The Ontario government believes it's struck the right balance in keeping the province's forests "healthy for generations to come" while "putting more wood to work" and creating "more good-pay jobs" in the forestry sector.
Provincial Natural Resources and Forestry Minister John Yakabuski released a new 10-year forestry plan - Sustainable Growth: Ontario's Forest Sector Strategy - in Rutherglen, near North Bay, Aug. 20.
The plan calls for "maintaining the highest levels" of forest management and environmental stewardship while improving cost competitiveness, promoting innovation, recruiting more people to the sector, and finding new markets.
"Ontario's sustainable forest management practices are based on the most up-to-date science and are continuously reviewed and improved to ensure the long-term health of our forests, while providing social, economic and environmental benefits for everyone across the province," said Yakabuski in a statement.
The nuts and bolts of the strategy go back to the fall of 2018 when a government delegation began travelling province gathering feedback from industry, municipal and First Nation leaders.
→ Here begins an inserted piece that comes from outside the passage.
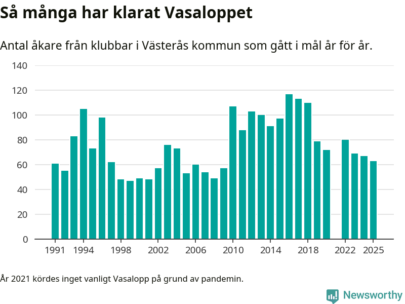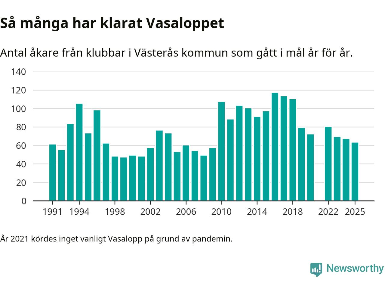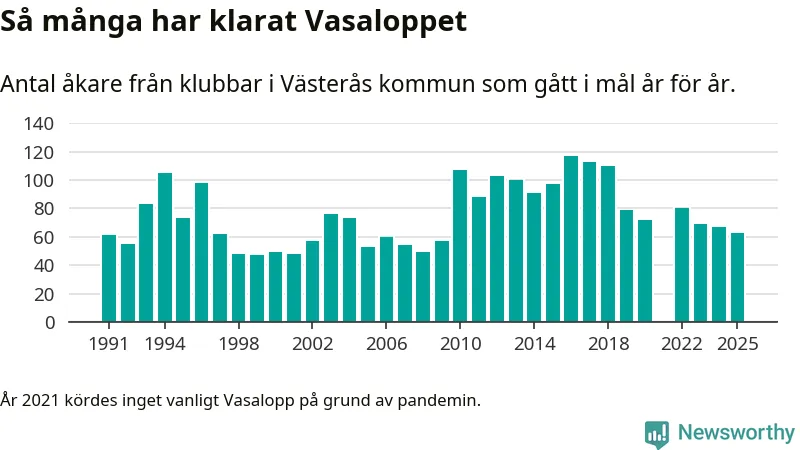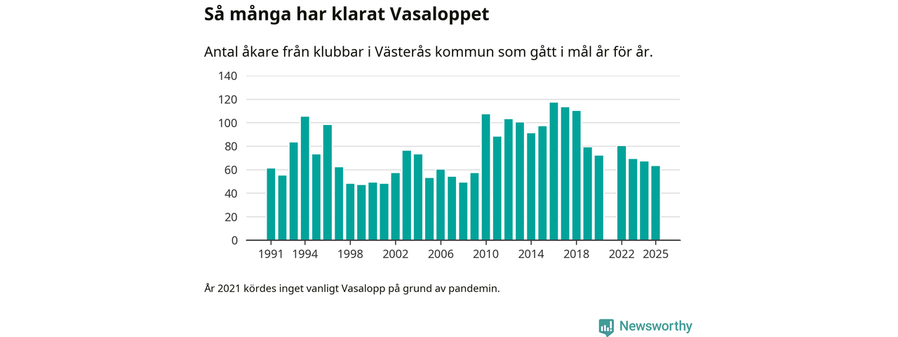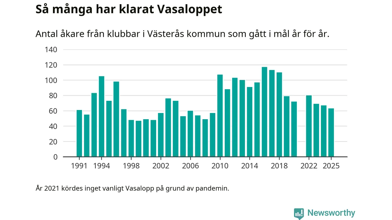 På söndag går starten för det 102:a Vasaloppet. Newsworthy har samlat in och sammanställt samtliga Vasaloppsresultat sedan 1991. Det ger en unik bild av hur skidåkare från klubbar i Västerås kommun har klarat sig genom åren.

An advisory committee is being formed by the government to implement the plan. In praising the strategy, industry stakeholders, such as the Ontario Forest Industries Association (OFIA), said the pandemic underscored how essential the industry is providing much-needed consumer goods and medical supplies.
"As consumers experience lumber shortages across North America, Ontario is in a strategic position to grow the forest sector and provide sustainably sourced fibre to those who need it most,” said OFIA president Jamie Lim in a statement.
“Now more than ever, the forest sector will play a critical role in the recovery of rural and northern communities and the 147,000 people that depend on the industry for employment. With today’s announcement, we are excited for what the future has in store.”
Northern Superior Regional Deputy Grand Council Chief Edward Wawia said the strategy strengthens partnerships with Indigenous communities and commits to establishing a "long-term approach for protecting species at risk while removing unnecessary regulatory duplication.”
Hearst Mayor Roger Sigouin was pleased with the recognition in the strategy on the role that biomass plays in the forest products cycle.
"A Biomass Action Plan will support economic development through the use of mill by-products and underutilized wood volumes. Biomass facilities, such as the one found in my community, will play an essential role in a successful strategy.”
Northwestern Ontario's Wendy Landry, mayor of Shuniah (outside Thunder Bay) and president of the Northwestern Ontario Municipal Association, expressed excitement about the plan's release.
“Ontario’s Forest Sector Strategy will enhance recognition of Ontario’s sustainable forest management practices, increase forest growth, and remove barriers to accessing this renewable resource.
Premier Doug Ford and Minister of Natural Resources and Forestry John Yakabuski deserve recognition for their aspirational vision of Ontario’s forest sector.”
“It is clear that the Ontario government has listened to the needs of northern municipalities,” added Temiskaming's Danny Whalen, presidnt of the Federation of Northern Ontario Municipalities.
“A strong and sustainable forest sector supports thriving communities. We fully support the goals and objectives of Ontario’s Forest Sector Strategy.”